Yeah, I said, shaking my head. He was some fucked-up sick kid.

Ramon showed a glimmer of assent.

So anyway, I said. That means two things. I know you figured this out already. Because you’re a sharp guy. But let me lay it out for you. Can I lay it out for you?

He nodded slowly, twice.

Two things, I said. One, I don’t have a client anymore.

Ramon allowed himself a half-smile.

So I’m in the market for a new client, I said, slapping him playfully on the arm. If you get my meaning. But more important, I said quietly, leaning in to whisper into his ear, like I said, we got a dead guy. We stick the dead guy with it all.
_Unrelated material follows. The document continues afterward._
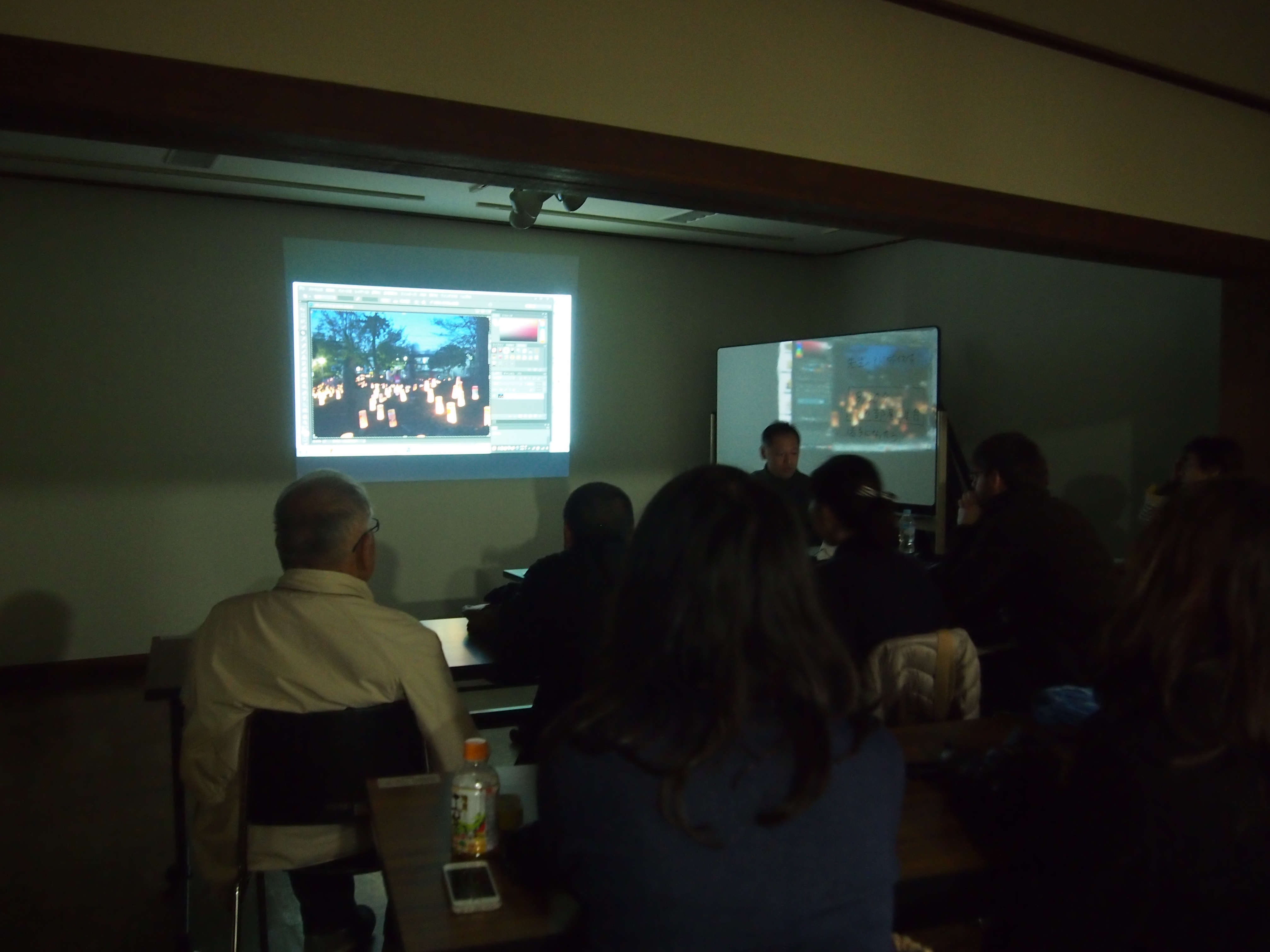 参加者の皆さんは、夜灯まつりをまわりながら様々な場面を切り取り、最後の講評会では佐藤さんのお話を熱心に聞いていました。

I leaned back. I gave him a triumphant grin.

Whadya think? Is that rich, or what?

He looked at me. I looked at him. I kept grinning. My face hurt.

Yeah, he said. That’s good.

I knew you’d see it that way, Ramon, I said, with another conspiratorial lean in his direction. You’re a smart guy. But then we gotta get our story straight. If we’re going to pin it on Jules, we gotta make sure everything fits.

Sure, he whispered, looking at the one-way glass. I know that.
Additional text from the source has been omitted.